- **Provided material**
※

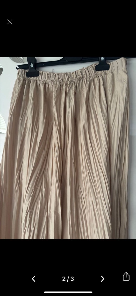 Bej renkli, keten kumaştan yapılmış, pilili ve bol kesim uzun etek. Düz ve desensiz tasarımıyla bohem tarzına uygundur, günlük kullanım için idealdir.
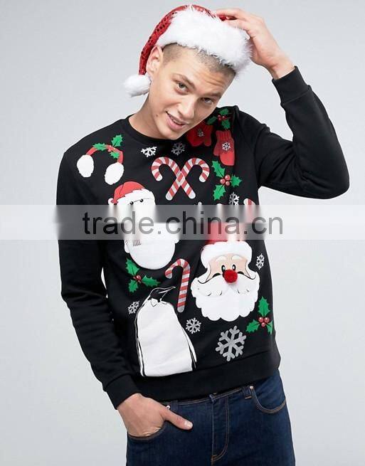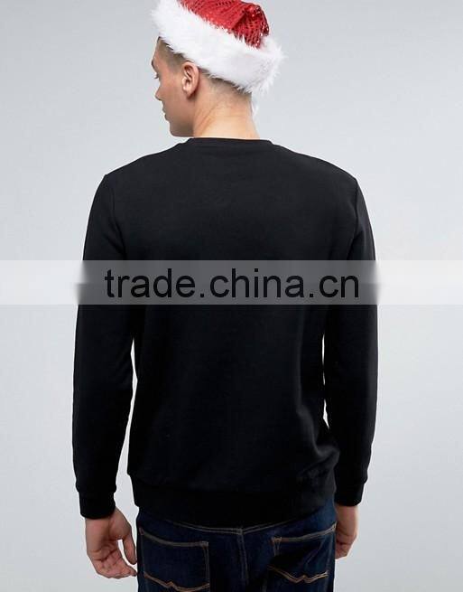 Home > Products > hoodie > Custom Long Sleeve Crew Neck Without Hood Printed Black Men's 100% Cotton Casual Comfort Fit Breathable Pullover Sweatshirts
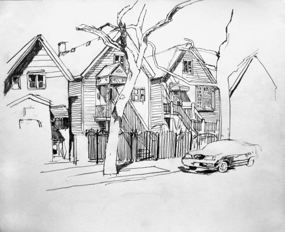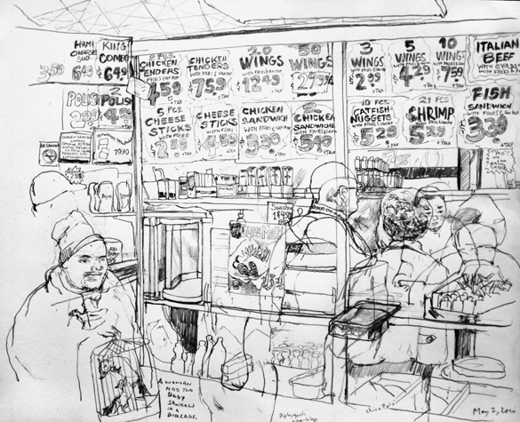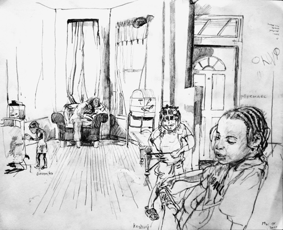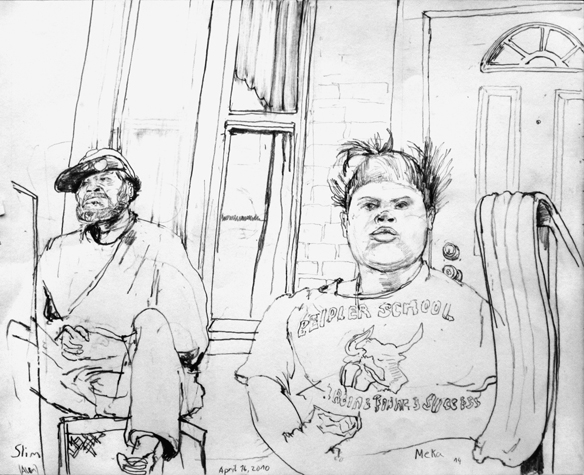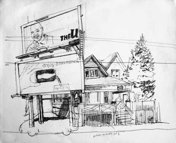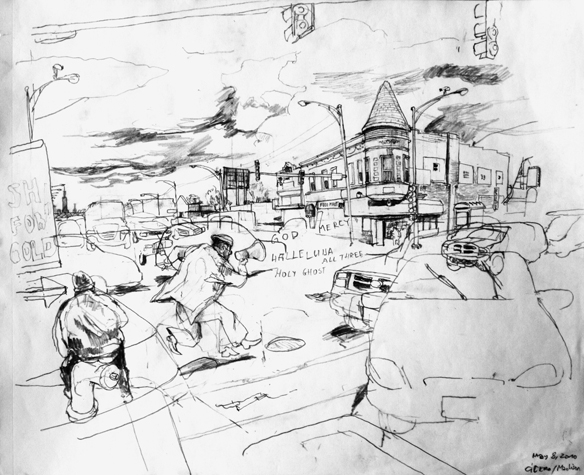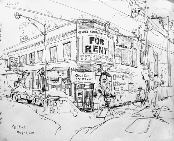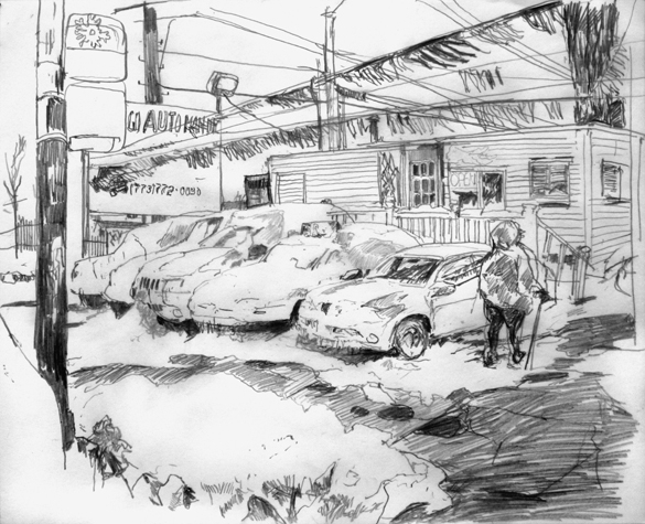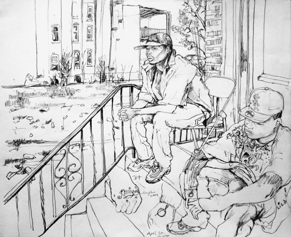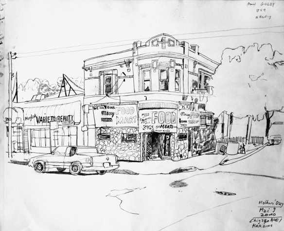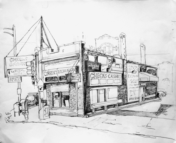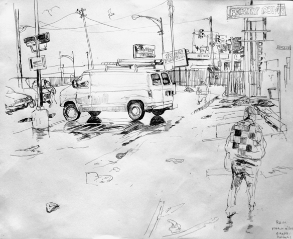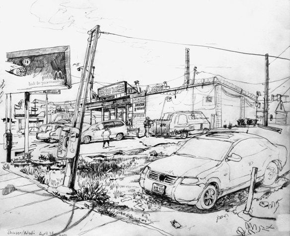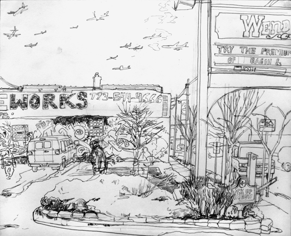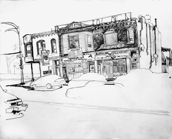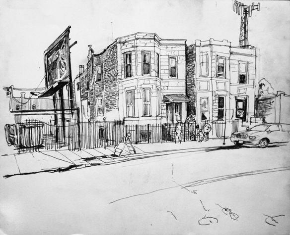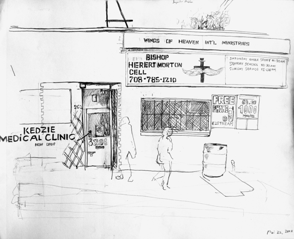 Mit Bleistift und Papier erkundete ich die rauhe "Westside" von Chicago. Dieser Stadtteil ist fast ausschliesslich von Afromerikanern bewohnt. Es ist einer der Stadteile in Chicago, der am meisten durch Probleme wie Armut, Drogen und Gewaltverbrechen geprägt ist. Entstanden während 4-monatigem Atelierstipendium in Chicago.
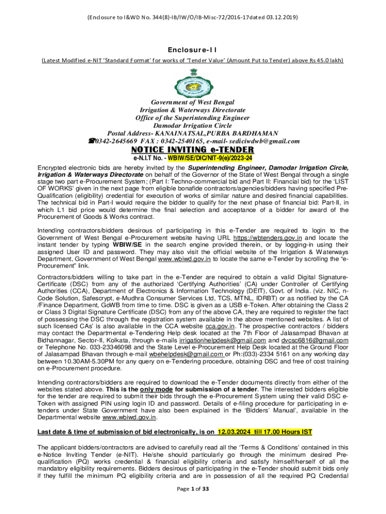 (Enclosure to I&WD No. 344(8)IB/IW/O/IBMisc72/201617dated 03.12.2019)EnclosureII (Latest Modified eNIT Standard Format for works of Tender Value (Amount Put to Tender) above Rs 45.0 lakh)Government
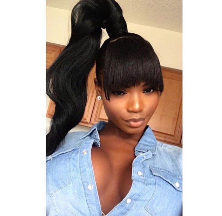 Смуглокожая девушка красавица с конским хвостом.
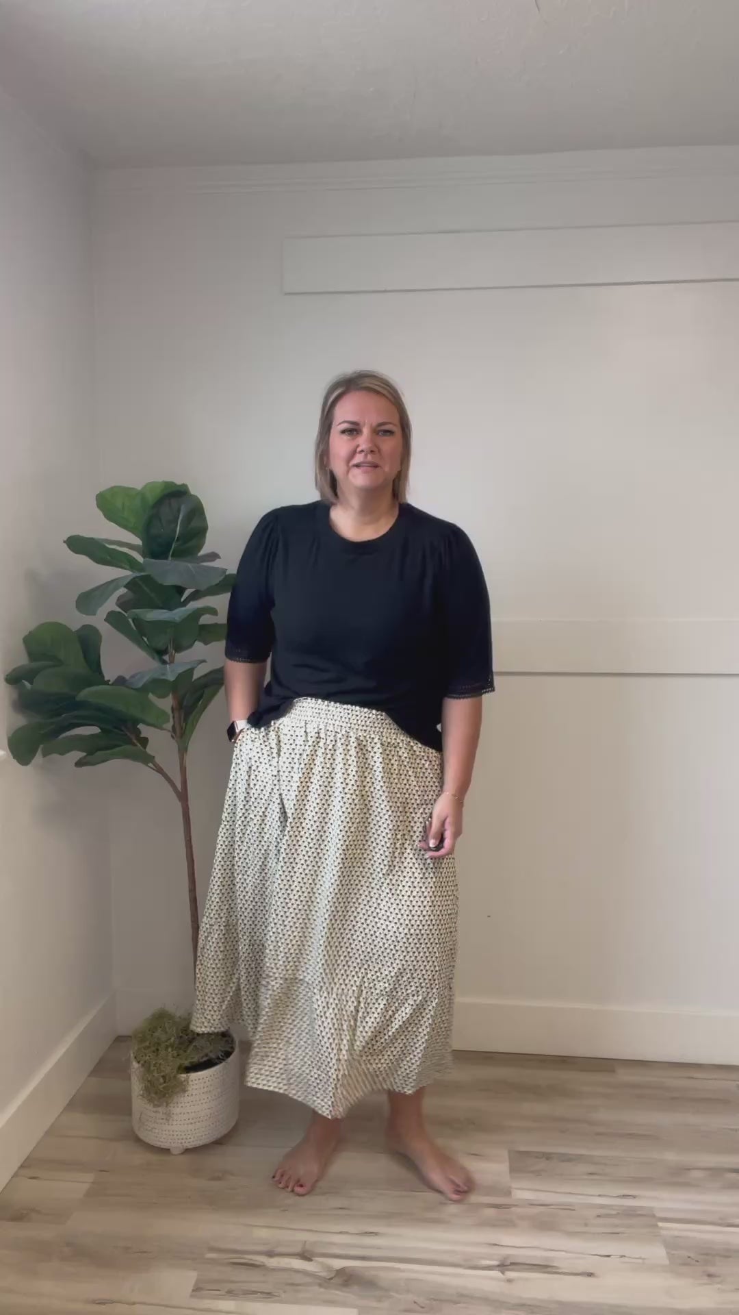 The Ashton Midi Skirt is your new go-to for effortless charm. This cream-colored beauty features tiny, soft black florals that dance across the fabric, paired with a playful large ruffle hem that adds serious twirl-worthy movement. The wide elastic waist keeps things comfy all day long, while hidden seam pockets are the cherry on top—because who doesn't love a skirt that actually holds your stuff? Perfect for anyone who loves sweet, modest style with a fun edge.
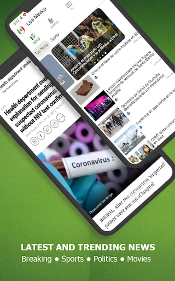 Mexico News app brings you the latest stories, videos and photos from Mexico. Stay connected with the latest news from Mexico and around the world. Get easy access to live TV, videos, photos, news beeps, football scores and more on your device. Live Mexico-Mexico Newspapers App-News app-Mexico News Headlines-Top Mexico "Mexico news" app is the faster way to browse Mexico News. You can read latest, breaking news, sports, business, entertainment, TV shows, Life, health etc News.
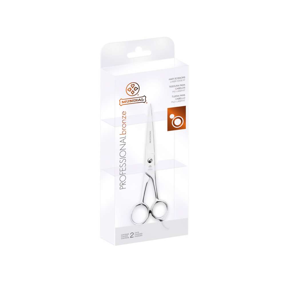 Cuidar dos cabelos faz parte do nosso dia a dia e dos pequenos prazeres que temos, não é? Ainda mais poder cortá-los da forma que quisermos! A linha Bronze da Mundial traz tesouras com os fios desenhados especialmente para cuidar das madeixas e dar aquele acabamento perfeito! A tesoura BC-343 possui fio laser para aparar pontas e realizar cortes retos ou simétricos, uma lâmina com micro-serrilhas e outra lisa polida, cabo reto com polimento fosco, amortecedor que suaviza os movimentos e descanso para dedos fixos. Tesoura de 6 polegadas (6’’). Cortar os cabelos com uma certa frequência é o que mantém a saúde dos fios e, para isso, nada melhor do que usar tesouras de qualidade! A Mundial possui uma linha completa de tesouras de cabelo para todos os níveis de profissionais, com produtos de alta performance, em aço inoxidável e adequados para as necessidades de cabeleireiros e barbeiros. São diversas linhas especialmente para cada nível de conhecimento e preparo! Fio navalha: Duas lâminas polidas na região do fio, ideal para cortes repicados, desfiados e assimétricos. Fio laser: Uma lâmina polida e outra com micro-serrilhas, ideal para aparar pontas e cortes retos ou simétricos, que exigem mais precisão. Fio desbaste: Pode ter uma ou duas lâminas dentadas, ideal para texturizar, tirar volume dos fios e dar acabamento ao corte. Produto de uso profissional ou pessoal.
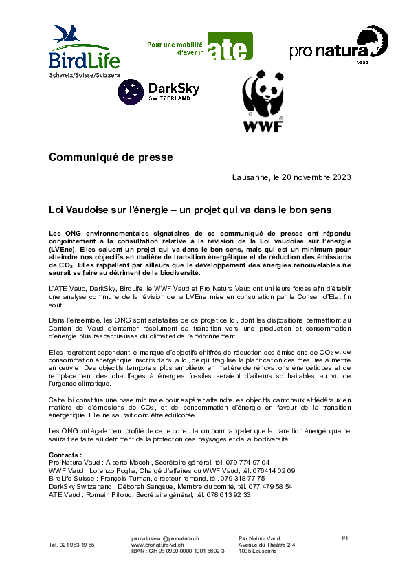 L’ATE Vaud, DarkSky, BirdLife, le WWF Vaud et Pro Natura Vaud ont uni leurs forces afin d’établir une analyse commune de la révision de la LVEne mise en consultation par le Conseil d’Etat fin août.
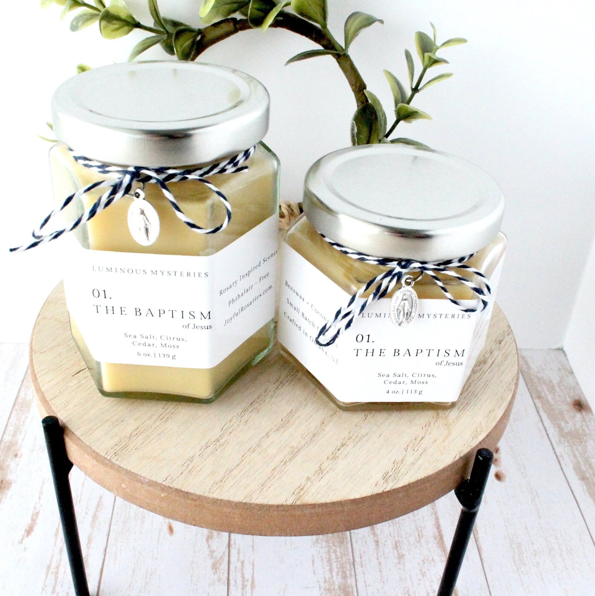 Please note : The pictured "Baptism in the Jordan" Rosary art card is only a prop and not included with your candle. A full set of Rosary art cards can be found at the Little Liturgy Press shop, found here : https://www.etsy.com/shop/LittleLiturgyPress.
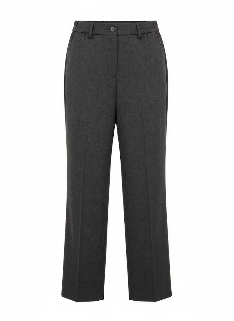 Nouveau Fashion grijze broek. Pantalon met hoge taille, wijde rechte pijpen en elastiek achter. Comfortabel en stijlvol met knoop- en ritssluiting.

※

Lines from the start of the listing above through the line holding "Mit Bleistift und" are to be duplicated exactly, and nothing more; leave out the pictures.

 Bej renkli, keten kumaştan yapılmış, pilili ve bol kesim uzun etek. Düz ve desensiz tasarımıyla bohem tarzına uygundur, günlük kullanım için idealdir.
 Home > Products > hoodie > Custom Long Sleeve Crew Neck Without Hood Printed Black Men's 100% Cotton Casual Comfort Fit Breathable Pullover Sweatshirts
 Mit Bleistift und Papier erkundete ich die rauhe "Westside" von Chicago. Dieser Stadtteil ist fast ausschliesslich von Afromerikanern bewohnt. Es ist einer der Stadteile in Chicago, der am meisten durch Probleme wie Armut, Drogen und Gewaltverbrechen geprägt ist. Entstanden während 4-monatigem Atelierstipendium in Chicago.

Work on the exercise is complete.